First printed in R&D Systems' 1997 Catalog.
fms-like tyrosine kinase-3 (Flt-3 or STK-1) is a newly discovered member of the third class of receptor-type tyrosine kinases (RTKs).1, 2 To date, there are at least seven RTK classes. Summarizing relevant classes, molecules in class III possess five immunoglobulin-like (Ig-like) extracellular domains, while class IV molecules express three Ig-like extracellular domains, and class V molecules possess seven Ig-like extracellular domains.2 Within these three classes (III, IV, & V), four Flt (based on fms homology) and two Flk (fetal liver kinase) gene products have been identified, although the molecules identified as Flt-3 and Flk-2 are the human and mouse homologues of the same factor.
Figure 1. Flt-3 & bone marrow B cell lymphopoiesis |
The Flt designation (Flt-1) was originally applied to a transmembrane glycoprotein that contained both a cytoplasmic tyrosine kinase domain and an extracellular cysteine organization reminiscent of the fms family of receptors.3 Functionally, Flt-1 is known to bind both VEGF and Placental Growth Factor, and has been renamed VEGF receptor 1 (VEGFR1).

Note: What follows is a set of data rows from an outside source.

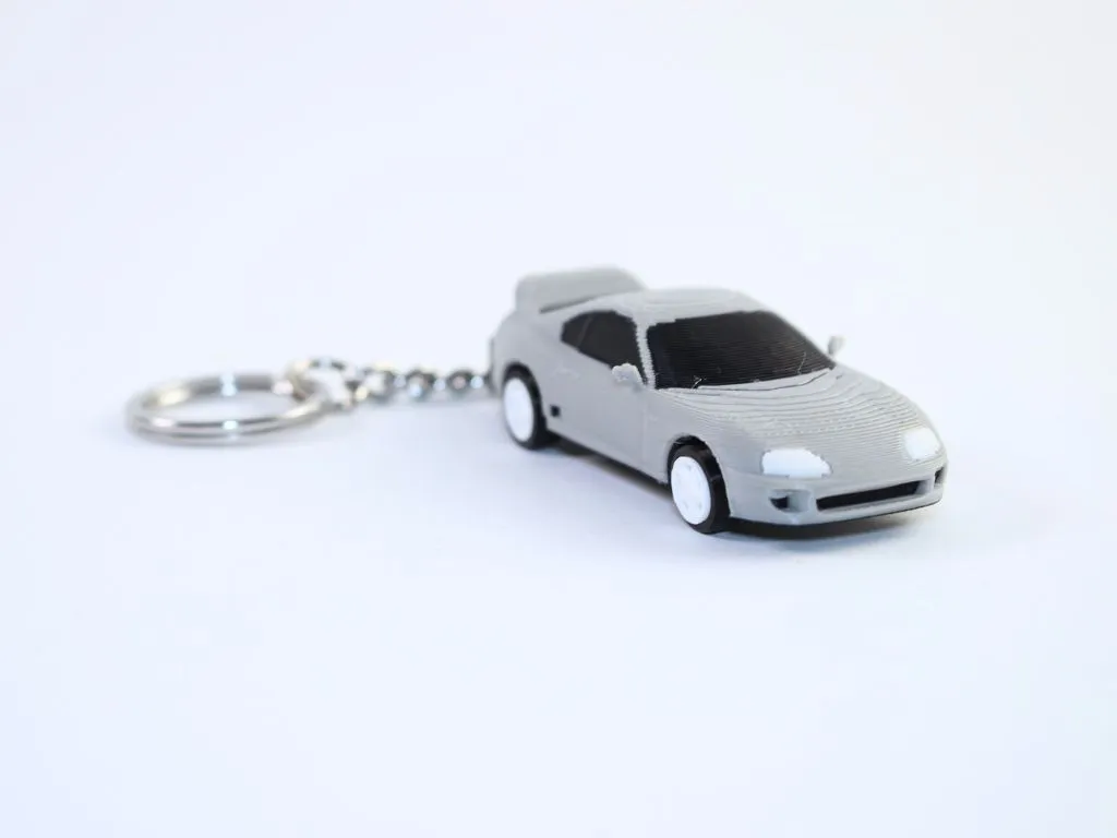 Toyota Supra MK4 model keychain in 1:64 scale, perfect for your keys.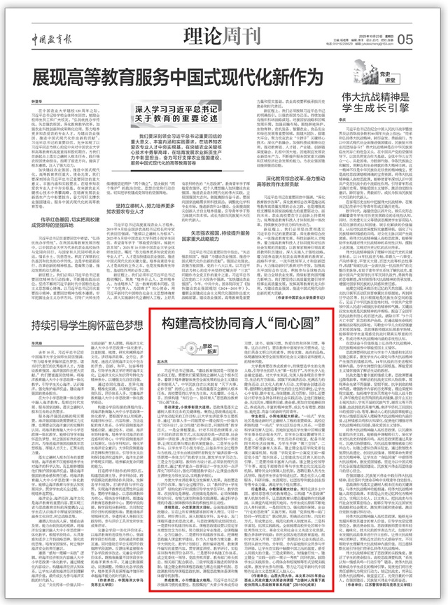 2025年10月23日,中国教育报在第5版刊发了校党委书记赵水民署名文章《构建高校协同育人“同心圆”》,全文如下: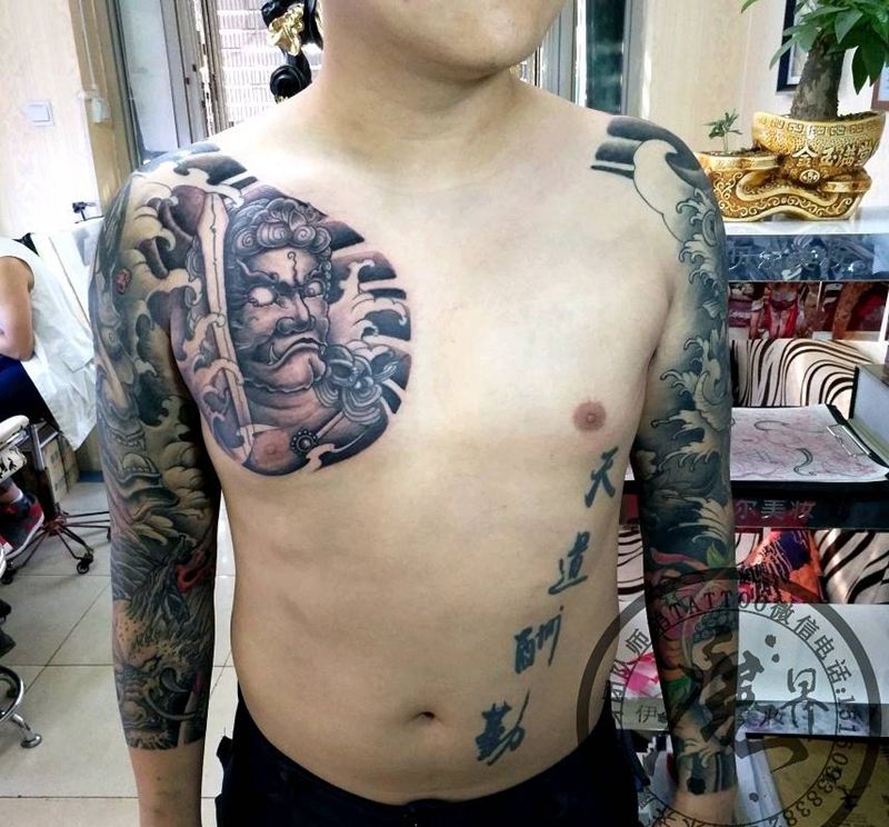 黑灰满背纹身图案

The designation Flt-2 is no longer used as this receptor has been shown to bind FGF acidic, FGF basic and FGF-4, and has subsequently been renamed FGFR1.4, 5 Flt-3 is unique and binds to its own ligand, Flt-3L or FL. Flt-4 has recently been shown to bind to the newly discovered VEGF-C, and has thus been renamed VEGFR3.5-10
Two mouse Flk receptors have been isolated from mouse fetal liver hematopoietic stem cells.11, 12 Studies have shown the first Flk molecule to be a second receptor for VEGF and this is now known as VEGFR2. The second receptor, Flk-2, is the mouse equivalent of human Flt-3, and now shares the Flt-3/Flk-2 designation.12-14 For recent reviews of the Flt-3 receptor and its ligand see references 15-18.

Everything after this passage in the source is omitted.